The waitress came up and asked Heidi if she wanted a blanket, as we were sitting outside on the patio of this wharf side cafe; all as if it was totally normal to have fully clothed young ladies dripping all over the carpet with their Mom and Dad eating in a restaurant. And all the while, not a word was said about the “Heidi in the Surf” event.

 

That night, as I sat with her Dad eating Sushi (my first time) and downing California roles, I asked him if he saw anything “kinda weird” that day. His answer, ”No, did you?” I thought, “You gotta be kidding me”. So I answered, “Yeah, just about the whole day.” As we sat and I tried to convince this kind man what I had seen, and how abnormal everything was, and how concerned I was, thinking that he might need to be also. He responded that he didn’t think his teen really needed to be “sent off” and thought that she was just a normal teen. I left the next day and returned home from “LaLa Land” only to be called two weeks later when this man’s daughter ran away from home, attempted suicide.
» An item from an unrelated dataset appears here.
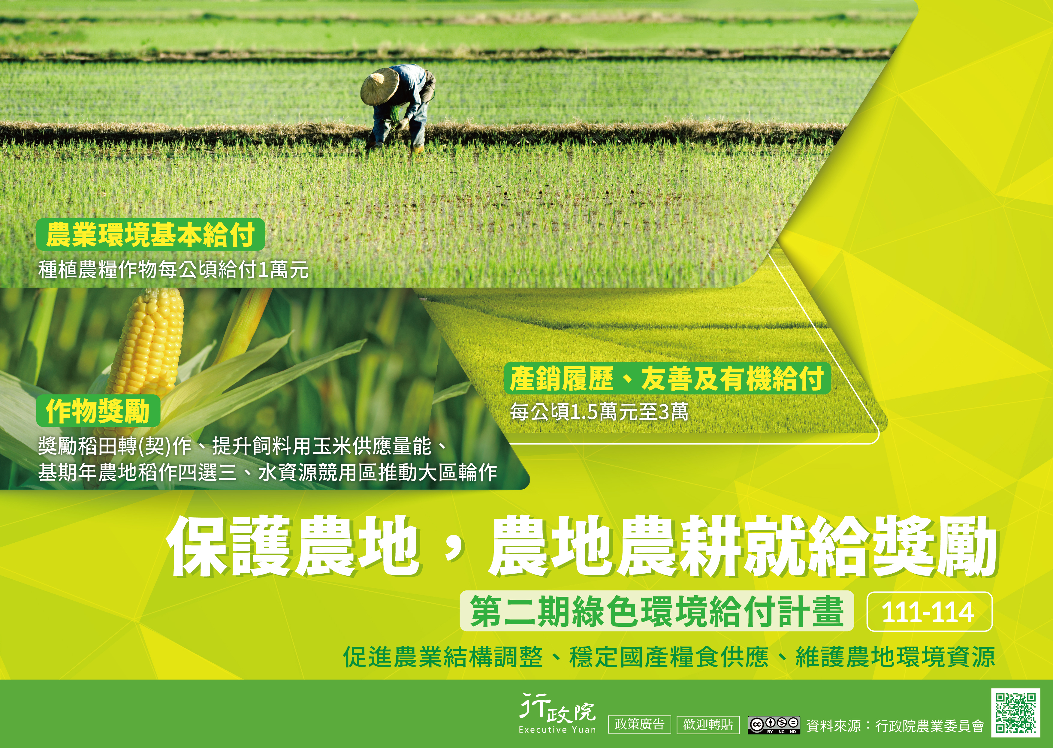 為促進臺灣農業轉型升級,政府自107-110年推動為期四 年「對地綠色環境給付計畫」,成效良好,今(111)年續 推動第二期計畫,以農業環境基本給付、作物獎勵及友善 環境補貼等措施,達到促進農業結構調整、穩定國產糧食 供應、維護農地環境資源。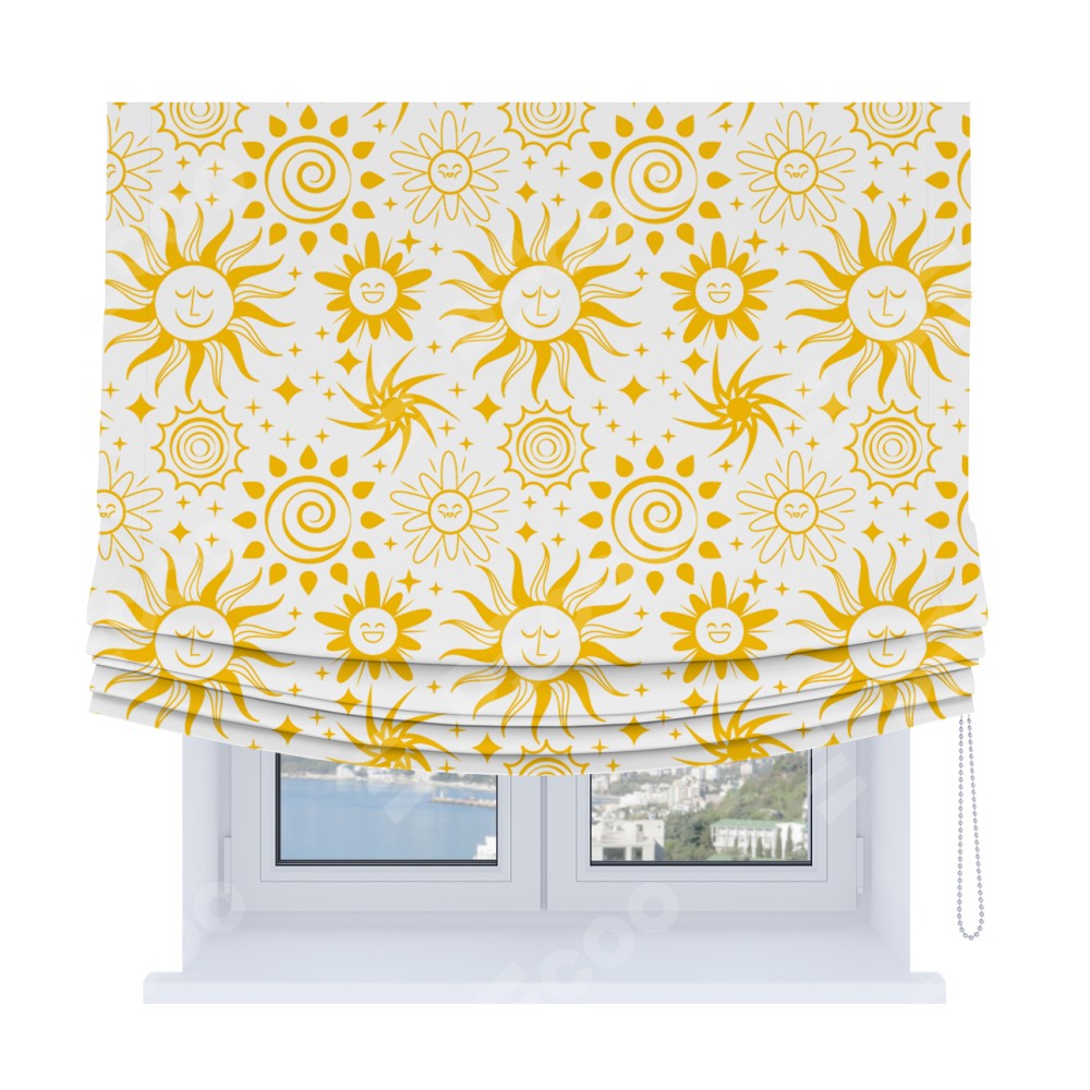 Римская штора Soft производителя «Cortin», используется для проёма, пошита из ткани блэкаут с нанесением сублимационной печати «Солнышки». Имеет универсальный механизм и подходит для монтажа: на потолок, на стену и в нишу. В отличие от стандартных римских штор, римская штора Soft не имеет горизонтальных вставок и нижнего отвеса. Это позволяет ткани произвольно драпироваться в свободные мягкие складки.

They then enrolled her in a program.

 

Denial? You think? Could be. But sometimes situations ease into “weirdness” and because people are so close to the situation, they don’t ever see the change, but just transition with it. In retrospect, Heidi’s parents now marvel at how crazy things were, and they didn’t even know it.

 

So, the question to you would be this. In your heart of hearts, are you in denial of where your teen really is? Are you in denial of what is really happening in your family? Have you become numb to what is really happening with your teen? Are you justifying what your teen is doing? And, of course, the final question. What’s it going to take to convince you that your teen needs something, and needs something now?

 

It’s never too early to act, but I have seen many (too many) times where it was too late.